▶ [What is required]:
Please give back only the lines below from the one containing "Thyroid Gland's Hormone - CORRECT ANSWER" to the one containing "Мать и дочь лежат на лужайке", each repeated word for word, both ends included.

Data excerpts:
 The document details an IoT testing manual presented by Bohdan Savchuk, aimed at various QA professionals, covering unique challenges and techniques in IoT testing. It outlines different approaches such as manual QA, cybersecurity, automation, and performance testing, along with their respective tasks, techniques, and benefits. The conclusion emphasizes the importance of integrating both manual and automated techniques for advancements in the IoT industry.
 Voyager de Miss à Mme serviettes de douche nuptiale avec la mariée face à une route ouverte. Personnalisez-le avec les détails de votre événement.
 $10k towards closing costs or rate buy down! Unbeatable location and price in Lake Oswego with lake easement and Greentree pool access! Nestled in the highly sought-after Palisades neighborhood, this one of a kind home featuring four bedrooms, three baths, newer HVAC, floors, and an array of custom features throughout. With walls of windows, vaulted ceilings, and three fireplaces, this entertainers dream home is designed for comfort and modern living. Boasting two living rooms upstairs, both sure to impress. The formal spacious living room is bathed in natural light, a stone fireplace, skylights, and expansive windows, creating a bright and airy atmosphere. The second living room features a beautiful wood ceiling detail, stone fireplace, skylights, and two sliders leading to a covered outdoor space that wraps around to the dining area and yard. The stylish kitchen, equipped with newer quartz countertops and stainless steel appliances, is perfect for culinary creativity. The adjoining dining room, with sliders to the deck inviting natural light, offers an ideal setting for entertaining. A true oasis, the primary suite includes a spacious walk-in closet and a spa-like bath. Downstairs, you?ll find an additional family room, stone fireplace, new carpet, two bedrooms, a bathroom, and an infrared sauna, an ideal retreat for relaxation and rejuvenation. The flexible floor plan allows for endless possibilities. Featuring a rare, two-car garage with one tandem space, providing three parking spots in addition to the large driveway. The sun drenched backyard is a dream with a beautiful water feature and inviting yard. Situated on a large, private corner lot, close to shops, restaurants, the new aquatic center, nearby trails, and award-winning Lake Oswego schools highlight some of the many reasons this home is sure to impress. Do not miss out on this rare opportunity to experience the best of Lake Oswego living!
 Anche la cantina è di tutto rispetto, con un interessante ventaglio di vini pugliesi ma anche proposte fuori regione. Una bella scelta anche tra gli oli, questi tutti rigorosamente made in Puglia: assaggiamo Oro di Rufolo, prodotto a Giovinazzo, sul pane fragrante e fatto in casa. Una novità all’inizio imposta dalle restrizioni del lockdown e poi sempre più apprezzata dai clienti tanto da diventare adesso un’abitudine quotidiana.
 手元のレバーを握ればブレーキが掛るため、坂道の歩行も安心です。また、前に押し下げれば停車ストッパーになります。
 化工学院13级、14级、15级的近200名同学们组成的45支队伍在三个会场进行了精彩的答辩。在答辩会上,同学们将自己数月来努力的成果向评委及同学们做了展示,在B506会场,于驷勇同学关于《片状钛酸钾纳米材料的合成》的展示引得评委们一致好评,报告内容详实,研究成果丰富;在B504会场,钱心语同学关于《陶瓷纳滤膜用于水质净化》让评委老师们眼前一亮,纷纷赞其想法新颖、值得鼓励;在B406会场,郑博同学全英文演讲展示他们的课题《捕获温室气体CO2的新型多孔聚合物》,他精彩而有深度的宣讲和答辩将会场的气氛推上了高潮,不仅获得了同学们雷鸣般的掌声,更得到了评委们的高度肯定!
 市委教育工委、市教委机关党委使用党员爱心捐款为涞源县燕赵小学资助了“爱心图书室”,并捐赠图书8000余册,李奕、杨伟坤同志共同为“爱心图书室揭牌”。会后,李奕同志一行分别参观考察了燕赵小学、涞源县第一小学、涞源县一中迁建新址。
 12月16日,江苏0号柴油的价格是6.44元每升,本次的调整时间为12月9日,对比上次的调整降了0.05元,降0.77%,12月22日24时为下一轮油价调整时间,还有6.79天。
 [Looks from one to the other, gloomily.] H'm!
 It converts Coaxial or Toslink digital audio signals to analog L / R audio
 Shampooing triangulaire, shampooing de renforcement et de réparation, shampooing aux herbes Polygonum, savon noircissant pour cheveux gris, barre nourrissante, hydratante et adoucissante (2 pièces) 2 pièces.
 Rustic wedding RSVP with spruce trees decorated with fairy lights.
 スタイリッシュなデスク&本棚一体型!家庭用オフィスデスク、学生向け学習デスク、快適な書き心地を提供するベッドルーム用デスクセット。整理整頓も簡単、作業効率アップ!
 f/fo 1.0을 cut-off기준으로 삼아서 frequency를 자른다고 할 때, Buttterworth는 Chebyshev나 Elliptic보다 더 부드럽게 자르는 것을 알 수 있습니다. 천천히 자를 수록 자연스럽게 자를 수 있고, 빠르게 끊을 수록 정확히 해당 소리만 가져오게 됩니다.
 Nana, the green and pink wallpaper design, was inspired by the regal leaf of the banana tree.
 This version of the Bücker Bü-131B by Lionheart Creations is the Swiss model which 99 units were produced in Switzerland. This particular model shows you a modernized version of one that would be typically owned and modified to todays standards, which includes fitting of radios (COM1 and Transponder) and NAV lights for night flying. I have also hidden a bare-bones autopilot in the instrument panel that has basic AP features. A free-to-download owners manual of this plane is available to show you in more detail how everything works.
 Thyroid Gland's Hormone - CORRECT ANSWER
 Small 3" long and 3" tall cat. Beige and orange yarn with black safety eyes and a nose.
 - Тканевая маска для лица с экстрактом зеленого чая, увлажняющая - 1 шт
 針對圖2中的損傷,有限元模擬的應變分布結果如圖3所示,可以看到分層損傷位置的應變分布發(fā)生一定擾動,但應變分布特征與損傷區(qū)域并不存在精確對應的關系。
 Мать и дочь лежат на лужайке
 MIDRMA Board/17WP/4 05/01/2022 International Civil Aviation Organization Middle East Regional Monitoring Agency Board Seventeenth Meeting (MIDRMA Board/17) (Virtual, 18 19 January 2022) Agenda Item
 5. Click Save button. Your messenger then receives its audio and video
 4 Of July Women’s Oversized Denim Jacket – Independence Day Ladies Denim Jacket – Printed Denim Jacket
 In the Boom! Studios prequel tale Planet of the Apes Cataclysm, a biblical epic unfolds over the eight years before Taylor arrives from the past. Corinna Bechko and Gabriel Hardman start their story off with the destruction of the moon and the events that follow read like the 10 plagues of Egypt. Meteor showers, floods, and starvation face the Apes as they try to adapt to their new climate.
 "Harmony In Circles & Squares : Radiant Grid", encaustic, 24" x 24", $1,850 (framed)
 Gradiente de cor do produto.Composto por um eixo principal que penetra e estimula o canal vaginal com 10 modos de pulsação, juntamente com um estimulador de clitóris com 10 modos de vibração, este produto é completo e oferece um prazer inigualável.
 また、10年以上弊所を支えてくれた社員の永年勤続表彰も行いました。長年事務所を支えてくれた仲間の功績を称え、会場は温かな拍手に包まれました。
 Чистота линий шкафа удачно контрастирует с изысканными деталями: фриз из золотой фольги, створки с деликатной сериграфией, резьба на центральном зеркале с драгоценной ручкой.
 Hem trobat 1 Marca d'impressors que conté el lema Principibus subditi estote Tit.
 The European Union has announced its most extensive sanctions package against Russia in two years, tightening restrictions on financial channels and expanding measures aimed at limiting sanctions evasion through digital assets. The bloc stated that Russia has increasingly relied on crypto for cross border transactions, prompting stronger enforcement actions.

▶ [Answer below]:
 Thyroid Gland's Hormone - CORRECT ANSWER
 Small 3" long and 3" tall cat. Beige and orange yarn with black safety eyes and a nose.
 - Тканевая маска для лица с экстрактом зеленого чая, увлажняющая - 1 шт
 針對圖2中的損傷,有限元模擬的應變分布結果如圖3所示,可以看到分層損傷位置的應變分布發(fā)生一定擾動,但應變分布特征與損傷區(qū)域并不存在精確對應的關系。
 Мать и дочь лежат на лужайке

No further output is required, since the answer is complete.